## RECORDED INFORMATION

◆ ◆ ◆

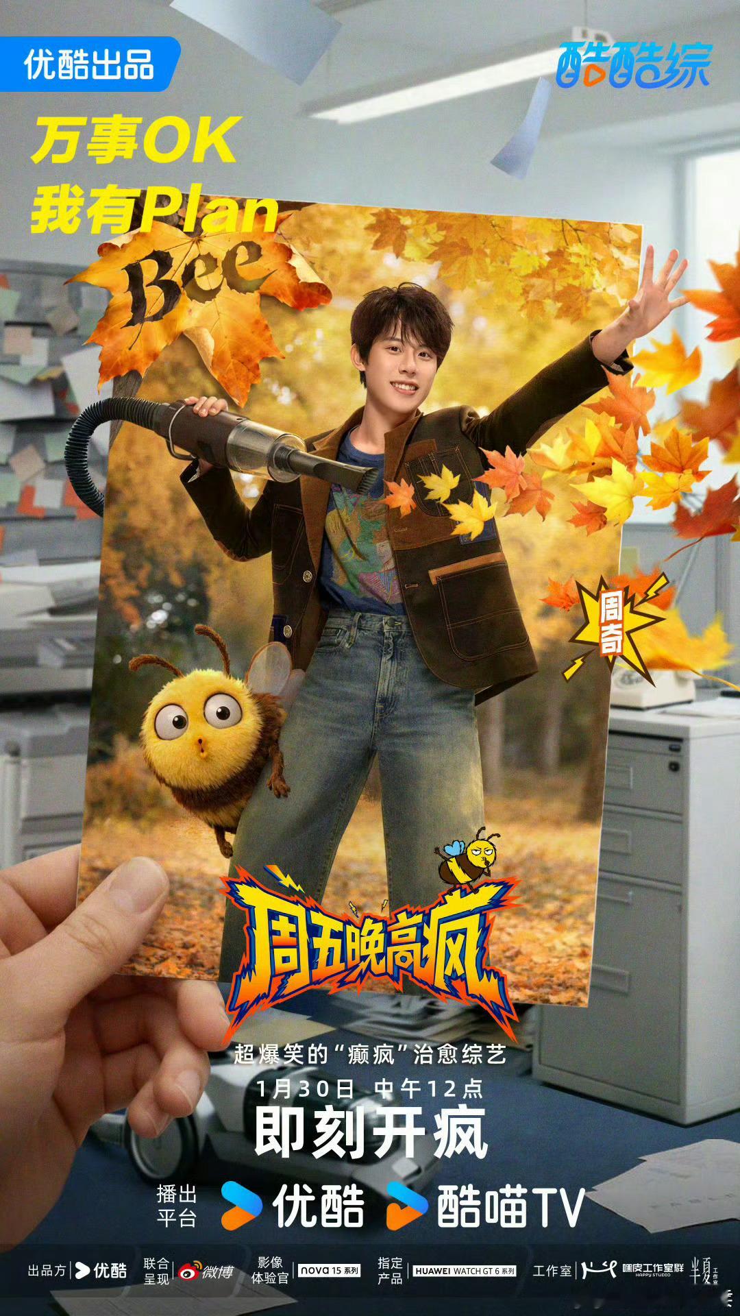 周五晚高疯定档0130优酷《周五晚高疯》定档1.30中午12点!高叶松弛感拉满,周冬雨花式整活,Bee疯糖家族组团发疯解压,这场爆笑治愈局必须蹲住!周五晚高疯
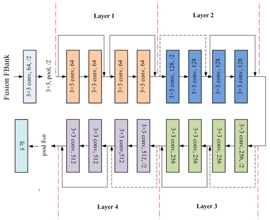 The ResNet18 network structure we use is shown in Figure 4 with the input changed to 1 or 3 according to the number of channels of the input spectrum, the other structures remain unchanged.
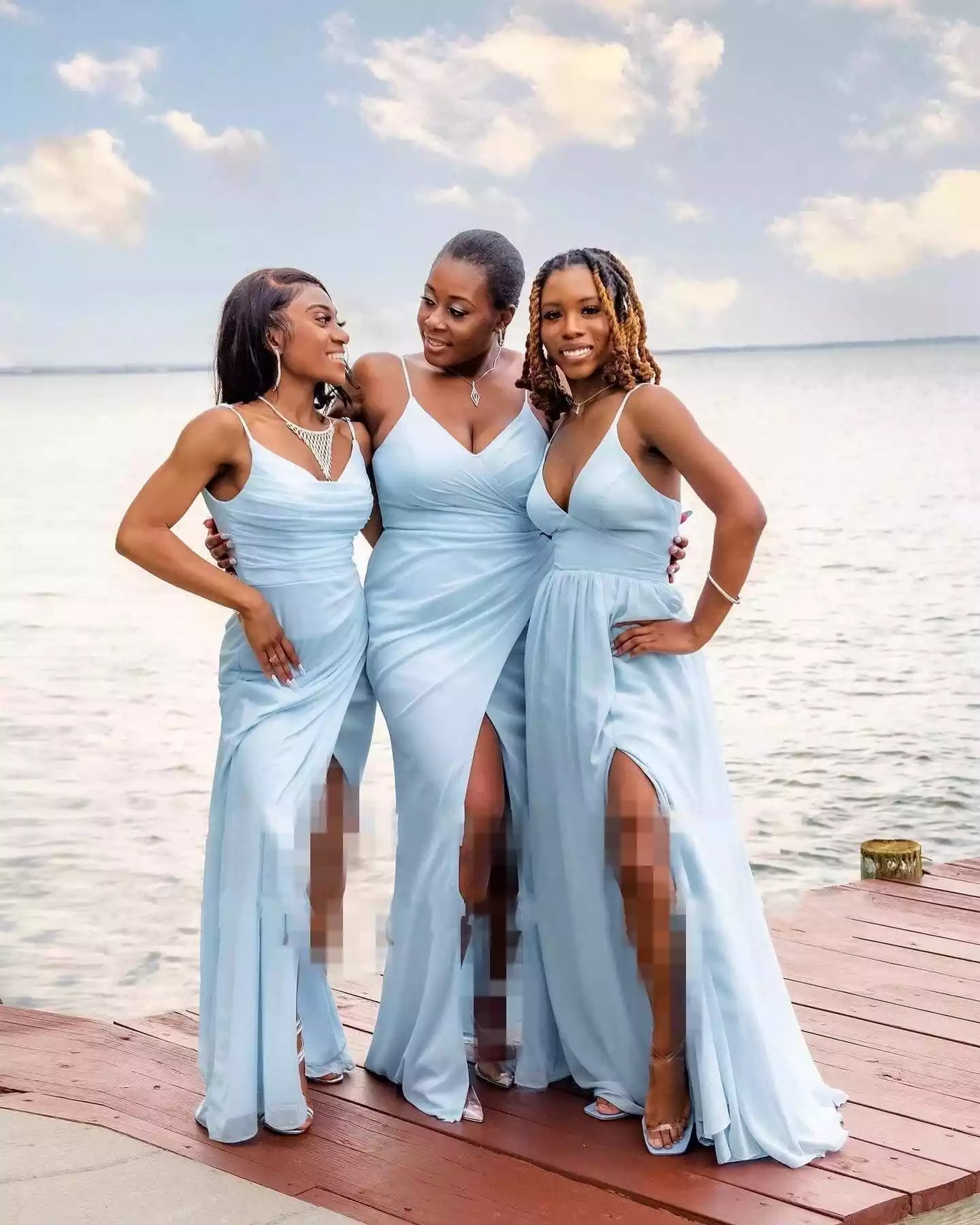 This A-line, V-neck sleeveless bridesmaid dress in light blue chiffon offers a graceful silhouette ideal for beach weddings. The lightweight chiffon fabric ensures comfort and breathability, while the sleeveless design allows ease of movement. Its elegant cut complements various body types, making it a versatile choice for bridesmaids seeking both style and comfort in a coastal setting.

◆ ◆ ◆

Word for word, restate the lines from the one containing "The ResNet18 network" through the end of the listing, and nothing more. Skip the pictures.

 The ResNet18 network structure we use is shown in Figure 4 with the input changed to 1 or 3 according to the number of channels of the input spectrum, the other structures remain unchanged.
 This A-line, V-neck sleeveless bridesmaid dress in light blue chiffon offers a graceful silhouette ideal for beach weddings. The lightweight chiffon fabric ensures comfort and breathability, while the sleeveless design allows ease of movement. Its elegant cut complements various body types, making it a versatile choice for bridesmaids seeking both style and comfort in a coastal setting.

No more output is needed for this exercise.